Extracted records
=======
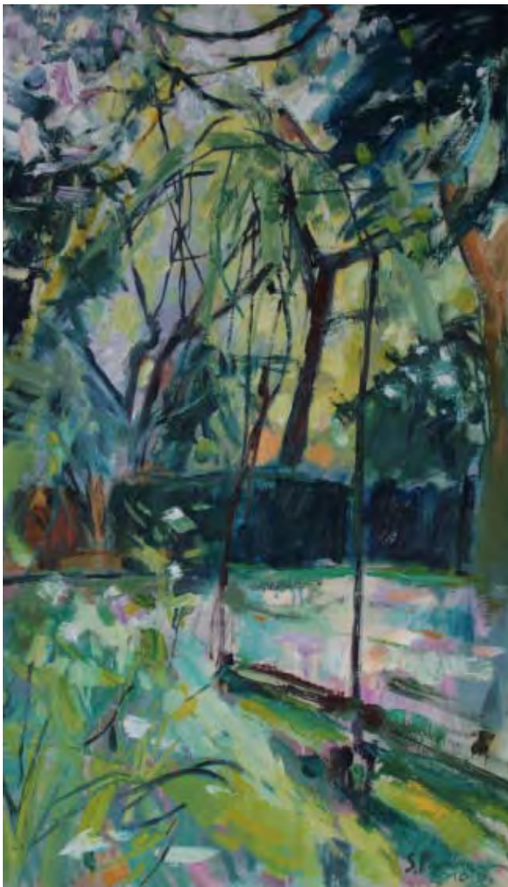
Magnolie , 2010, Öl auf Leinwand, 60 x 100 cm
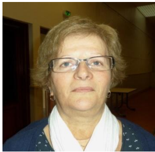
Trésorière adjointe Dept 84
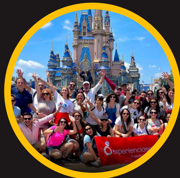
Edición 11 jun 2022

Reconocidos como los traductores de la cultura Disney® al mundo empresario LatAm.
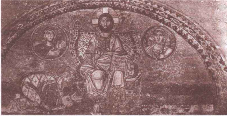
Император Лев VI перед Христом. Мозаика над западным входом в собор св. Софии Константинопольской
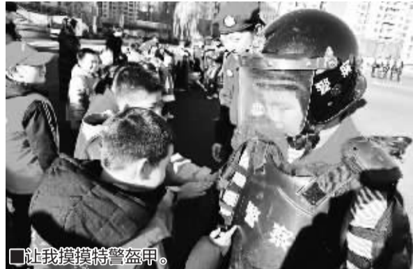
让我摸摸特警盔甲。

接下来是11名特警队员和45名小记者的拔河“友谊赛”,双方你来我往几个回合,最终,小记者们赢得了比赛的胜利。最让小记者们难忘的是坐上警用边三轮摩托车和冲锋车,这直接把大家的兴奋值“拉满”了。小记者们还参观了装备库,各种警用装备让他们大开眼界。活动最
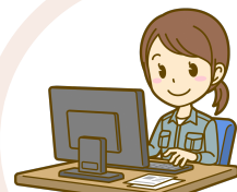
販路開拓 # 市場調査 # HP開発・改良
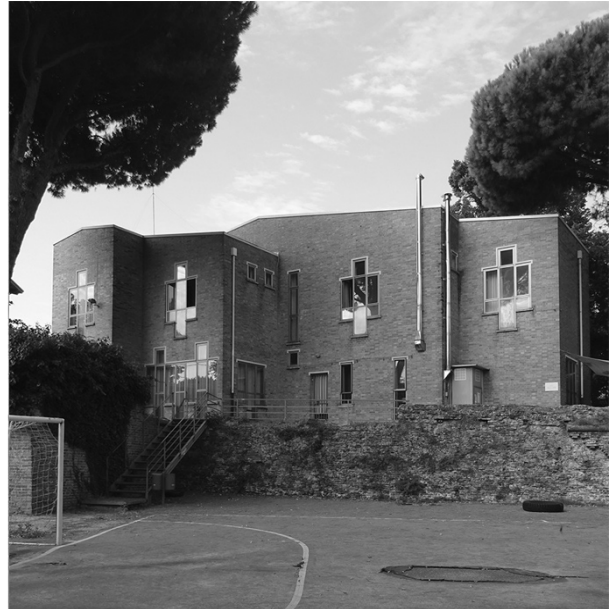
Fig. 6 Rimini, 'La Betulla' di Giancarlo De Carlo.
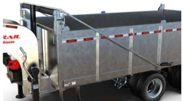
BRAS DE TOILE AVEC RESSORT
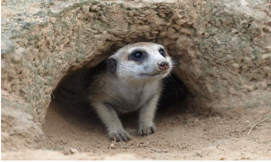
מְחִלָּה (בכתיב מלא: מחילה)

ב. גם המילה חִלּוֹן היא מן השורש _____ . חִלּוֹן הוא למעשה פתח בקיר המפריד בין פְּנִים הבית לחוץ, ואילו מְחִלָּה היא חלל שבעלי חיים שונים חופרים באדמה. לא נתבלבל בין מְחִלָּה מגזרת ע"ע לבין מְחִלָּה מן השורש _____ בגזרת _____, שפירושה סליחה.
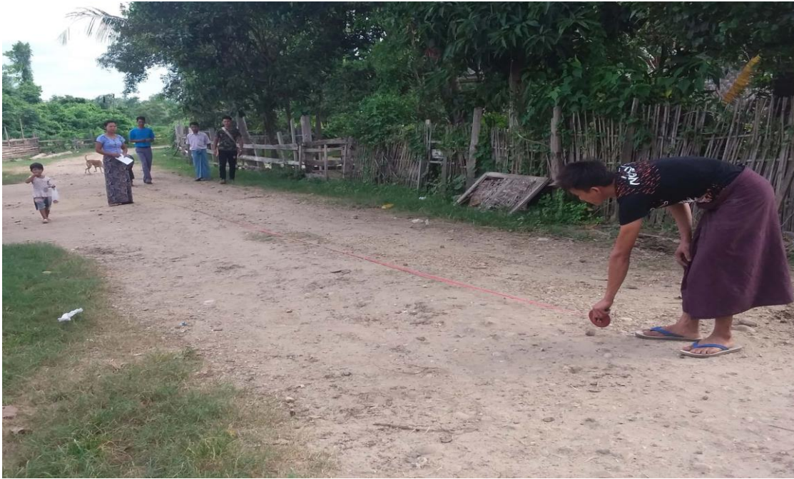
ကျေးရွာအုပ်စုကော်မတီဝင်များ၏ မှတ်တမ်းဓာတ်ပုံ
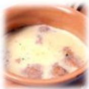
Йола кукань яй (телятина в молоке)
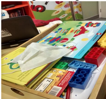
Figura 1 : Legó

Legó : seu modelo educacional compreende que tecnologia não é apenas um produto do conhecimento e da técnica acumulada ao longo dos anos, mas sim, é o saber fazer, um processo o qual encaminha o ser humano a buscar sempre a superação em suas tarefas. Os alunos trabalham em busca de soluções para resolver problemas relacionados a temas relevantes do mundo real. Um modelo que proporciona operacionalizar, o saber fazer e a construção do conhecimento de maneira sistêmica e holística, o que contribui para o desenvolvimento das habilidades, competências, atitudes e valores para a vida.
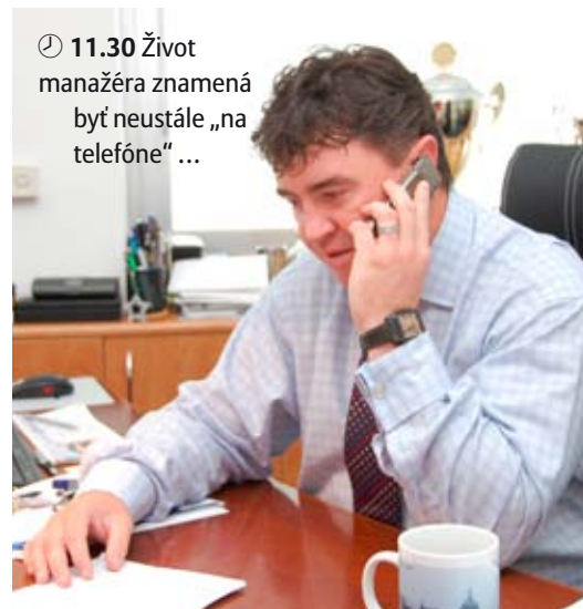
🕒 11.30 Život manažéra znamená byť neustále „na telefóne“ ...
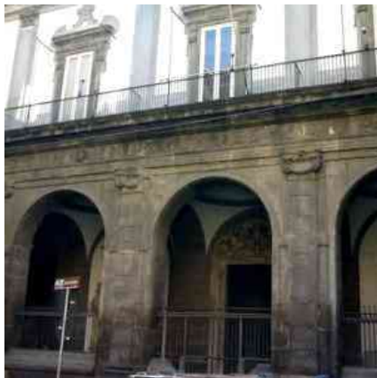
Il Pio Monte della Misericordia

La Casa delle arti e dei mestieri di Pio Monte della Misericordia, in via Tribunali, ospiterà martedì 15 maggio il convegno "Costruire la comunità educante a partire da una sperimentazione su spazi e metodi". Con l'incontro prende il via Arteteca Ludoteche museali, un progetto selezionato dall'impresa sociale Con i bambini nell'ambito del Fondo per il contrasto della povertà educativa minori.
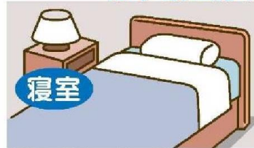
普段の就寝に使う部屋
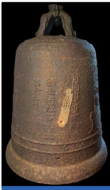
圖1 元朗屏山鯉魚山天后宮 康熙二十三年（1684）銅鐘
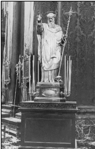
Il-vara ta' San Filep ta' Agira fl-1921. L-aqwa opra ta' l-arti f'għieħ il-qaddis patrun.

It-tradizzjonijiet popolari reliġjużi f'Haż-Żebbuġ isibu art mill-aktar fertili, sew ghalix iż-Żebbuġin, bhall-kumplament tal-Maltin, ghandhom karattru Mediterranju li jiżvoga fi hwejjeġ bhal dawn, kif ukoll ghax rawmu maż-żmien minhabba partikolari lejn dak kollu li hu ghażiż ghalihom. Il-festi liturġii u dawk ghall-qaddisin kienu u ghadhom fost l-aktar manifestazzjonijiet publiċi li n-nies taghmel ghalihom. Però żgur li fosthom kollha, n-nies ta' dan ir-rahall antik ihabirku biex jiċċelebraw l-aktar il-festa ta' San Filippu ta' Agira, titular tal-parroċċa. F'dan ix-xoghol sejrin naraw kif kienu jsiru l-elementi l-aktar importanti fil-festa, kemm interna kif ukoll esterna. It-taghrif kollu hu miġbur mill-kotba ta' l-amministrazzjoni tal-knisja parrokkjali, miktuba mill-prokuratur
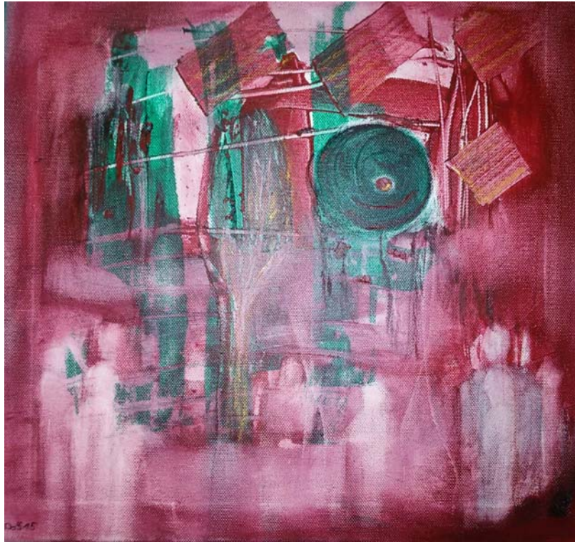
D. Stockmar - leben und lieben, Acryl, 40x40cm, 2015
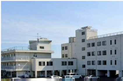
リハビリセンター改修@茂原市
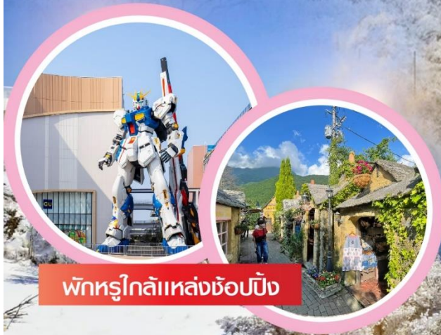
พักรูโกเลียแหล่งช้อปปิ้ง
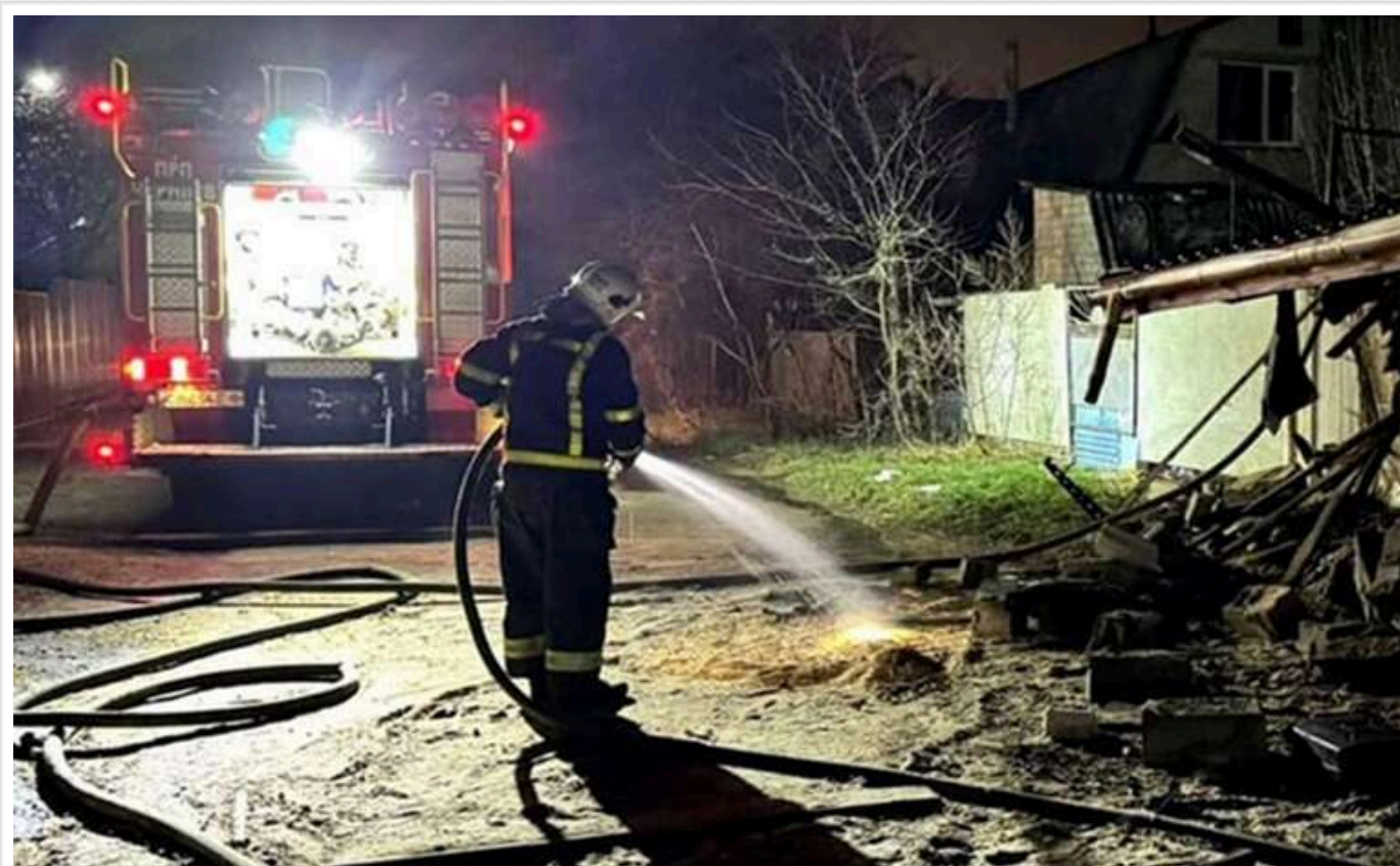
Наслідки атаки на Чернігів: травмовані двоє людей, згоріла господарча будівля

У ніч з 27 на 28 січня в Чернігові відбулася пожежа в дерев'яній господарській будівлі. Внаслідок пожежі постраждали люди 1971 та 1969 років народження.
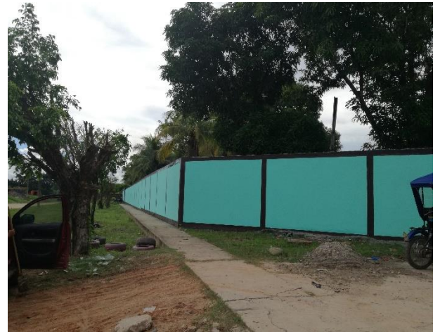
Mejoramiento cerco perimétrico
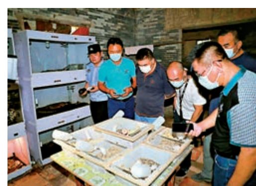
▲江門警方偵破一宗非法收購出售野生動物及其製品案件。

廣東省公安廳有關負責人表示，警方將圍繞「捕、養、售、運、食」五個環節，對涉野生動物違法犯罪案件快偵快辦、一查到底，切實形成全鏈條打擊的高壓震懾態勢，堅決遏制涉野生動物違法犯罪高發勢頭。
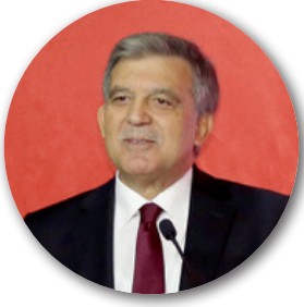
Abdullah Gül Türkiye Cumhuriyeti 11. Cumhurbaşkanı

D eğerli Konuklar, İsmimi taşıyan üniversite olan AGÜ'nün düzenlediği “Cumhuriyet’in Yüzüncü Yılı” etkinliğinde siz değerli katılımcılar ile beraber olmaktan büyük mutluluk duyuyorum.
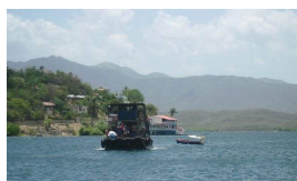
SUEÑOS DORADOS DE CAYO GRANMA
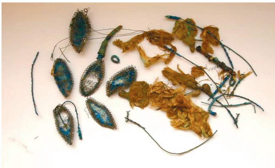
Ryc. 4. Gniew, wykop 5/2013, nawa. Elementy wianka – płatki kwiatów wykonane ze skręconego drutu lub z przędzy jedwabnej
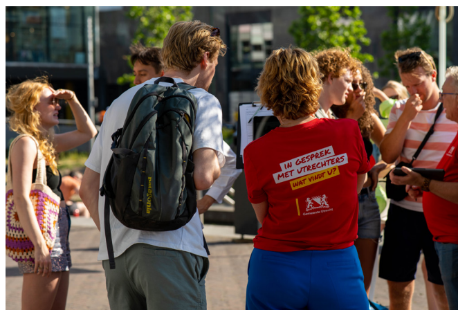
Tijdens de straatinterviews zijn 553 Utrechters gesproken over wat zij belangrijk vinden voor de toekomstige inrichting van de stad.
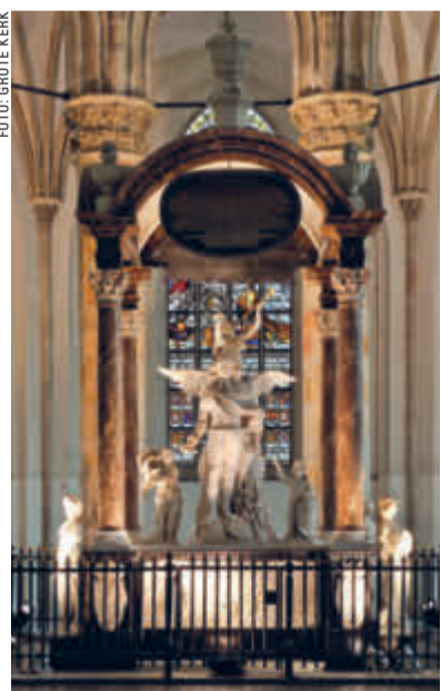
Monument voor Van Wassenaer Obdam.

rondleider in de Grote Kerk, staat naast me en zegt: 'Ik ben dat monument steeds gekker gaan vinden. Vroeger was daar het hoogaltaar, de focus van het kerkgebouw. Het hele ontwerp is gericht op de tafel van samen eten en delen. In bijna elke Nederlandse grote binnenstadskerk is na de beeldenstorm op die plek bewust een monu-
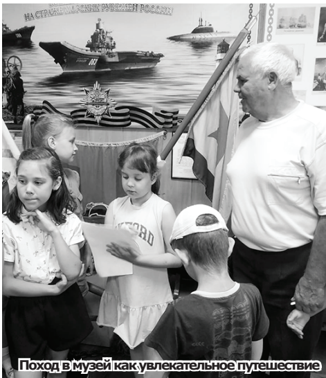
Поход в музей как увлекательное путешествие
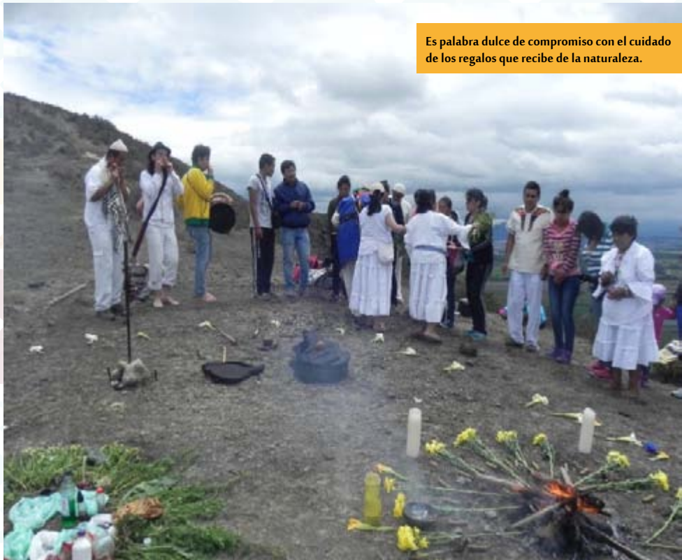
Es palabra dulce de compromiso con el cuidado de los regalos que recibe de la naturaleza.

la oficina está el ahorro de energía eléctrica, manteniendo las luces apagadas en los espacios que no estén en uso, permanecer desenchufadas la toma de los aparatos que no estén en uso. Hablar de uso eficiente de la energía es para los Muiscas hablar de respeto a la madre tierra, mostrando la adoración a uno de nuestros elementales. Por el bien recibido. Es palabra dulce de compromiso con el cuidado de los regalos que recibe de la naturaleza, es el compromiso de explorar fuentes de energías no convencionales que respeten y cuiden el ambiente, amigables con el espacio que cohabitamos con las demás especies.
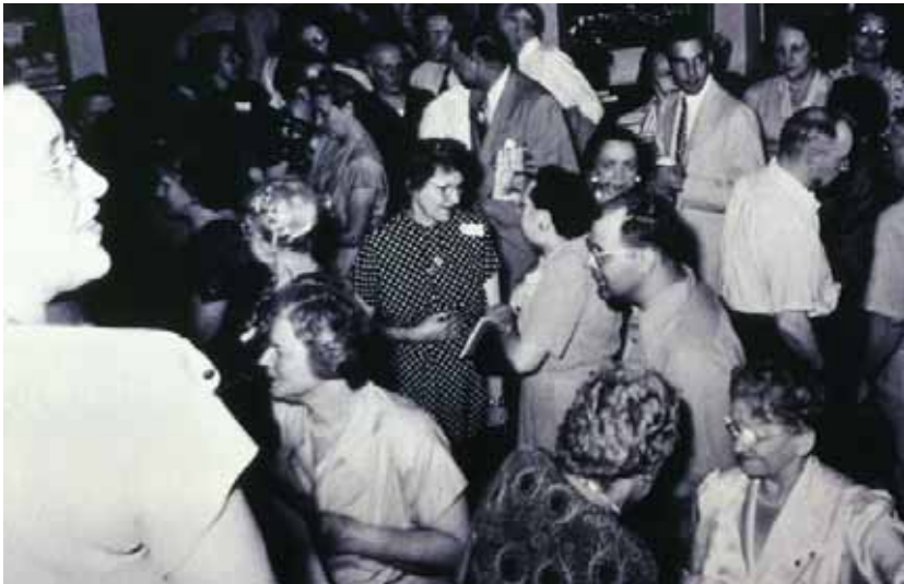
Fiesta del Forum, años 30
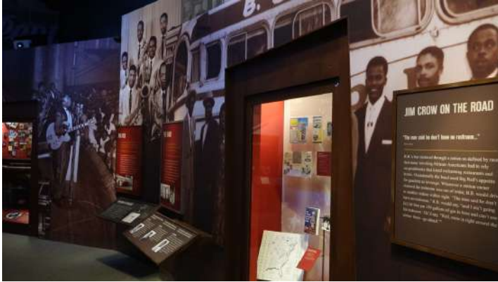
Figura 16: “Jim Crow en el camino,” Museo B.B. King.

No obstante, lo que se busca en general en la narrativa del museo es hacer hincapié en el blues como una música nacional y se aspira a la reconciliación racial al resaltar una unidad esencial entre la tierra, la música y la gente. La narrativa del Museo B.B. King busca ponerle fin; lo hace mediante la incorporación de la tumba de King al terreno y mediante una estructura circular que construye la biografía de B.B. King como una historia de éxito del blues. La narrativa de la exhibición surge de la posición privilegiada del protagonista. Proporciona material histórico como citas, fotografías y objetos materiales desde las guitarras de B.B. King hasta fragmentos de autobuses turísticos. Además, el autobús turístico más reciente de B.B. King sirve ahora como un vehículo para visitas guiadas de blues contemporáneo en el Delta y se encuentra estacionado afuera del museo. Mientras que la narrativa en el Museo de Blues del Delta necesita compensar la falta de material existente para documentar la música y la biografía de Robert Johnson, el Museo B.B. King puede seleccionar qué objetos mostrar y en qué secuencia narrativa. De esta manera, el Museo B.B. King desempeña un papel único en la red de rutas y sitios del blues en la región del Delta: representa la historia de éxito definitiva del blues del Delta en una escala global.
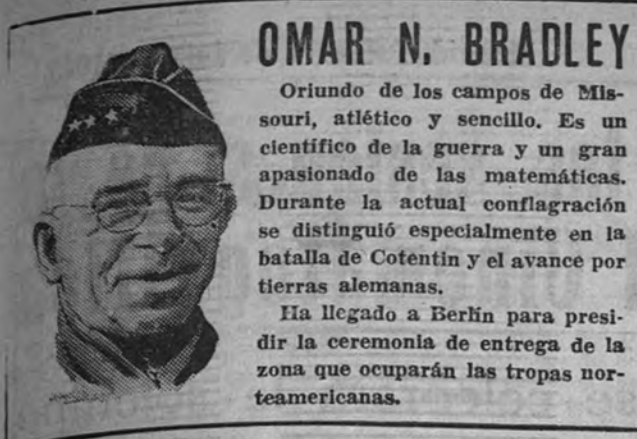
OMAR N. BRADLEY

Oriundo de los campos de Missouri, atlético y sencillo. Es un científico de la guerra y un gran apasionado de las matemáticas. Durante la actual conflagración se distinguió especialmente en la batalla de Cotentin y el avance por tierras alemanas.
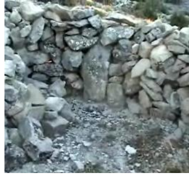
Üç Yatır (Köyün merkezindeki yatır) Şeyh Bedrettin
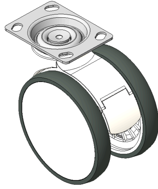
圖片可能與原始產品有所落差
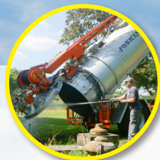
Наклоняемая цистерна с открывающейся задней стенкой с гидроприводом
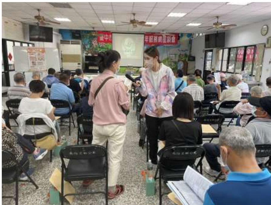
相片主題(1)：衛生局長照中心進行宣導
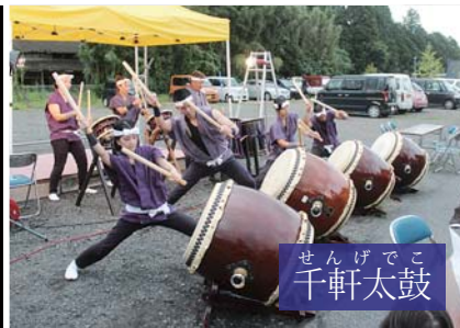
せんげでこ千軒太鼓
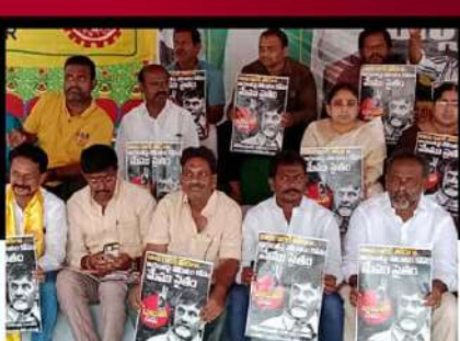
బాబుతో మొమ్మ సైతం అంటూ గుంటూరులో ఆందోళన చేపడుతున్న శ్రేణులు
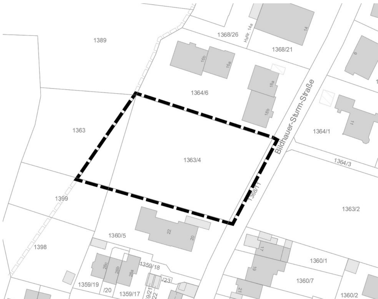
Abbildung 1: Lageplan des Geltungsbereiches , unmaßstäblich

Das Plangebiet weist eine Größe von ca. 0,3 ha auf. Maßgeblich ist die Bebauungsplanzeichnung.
=======
▸ **PROBLEM DETAILS**
Word for word, retype the lines in the entries above that run from the one with "Legó : seu modelo" through the one with "Il-vara ta' San". Both ends count; pictures do not.

▸ **REPLY**
Legó : seu modelo educacional compreende que tecnologia não é apenas um produto do conhecimento e da técnica acumulada ao longo dos anos, mas sim, é o saber fazer, um processo o qual encaminha o ser humano a buscar sempre a superação em suas tarefas. Os alunos trabalham em busca de soluções para resolver problemas relacionados a temas relevantes do mundo real. Um modelo que proporciona operacionalizar, o saber fazer e a construção do conhecimento de maneira sistêmica e holística, o que contribui para o desenvolvimento das habilidades, competências, atitudes e valores para a vida.
🕒 11.30 Život manažéra znamená byť neustále „na telefóne“ ...
Il Pio Monte della Misericordia

La Casa delle arti e dei mestieri di Pio Monte della Misericordia, in via Tribunali, ospiterà martedì 15 maggio il convegno "Costruire la comunità educante a partire da una sperimentazione su spazi e metodi". Con l'incontro prende il via Arteteca Ludoteche museali, un progetto selezionato dall'impresa sociale Con i bambini nell'ambito del Fondo per il contrasto della povertà educativa minori.
普段の就寝に使う部屋
圖1 元朗屏山鯉魚山天后宮 康熙二十三年（1684）銅鐘
Il-vara ta' San Filep ta' Agira fl-1921. L-aqwa opra ta' l-arti f'għieħ il-qaddis patrun.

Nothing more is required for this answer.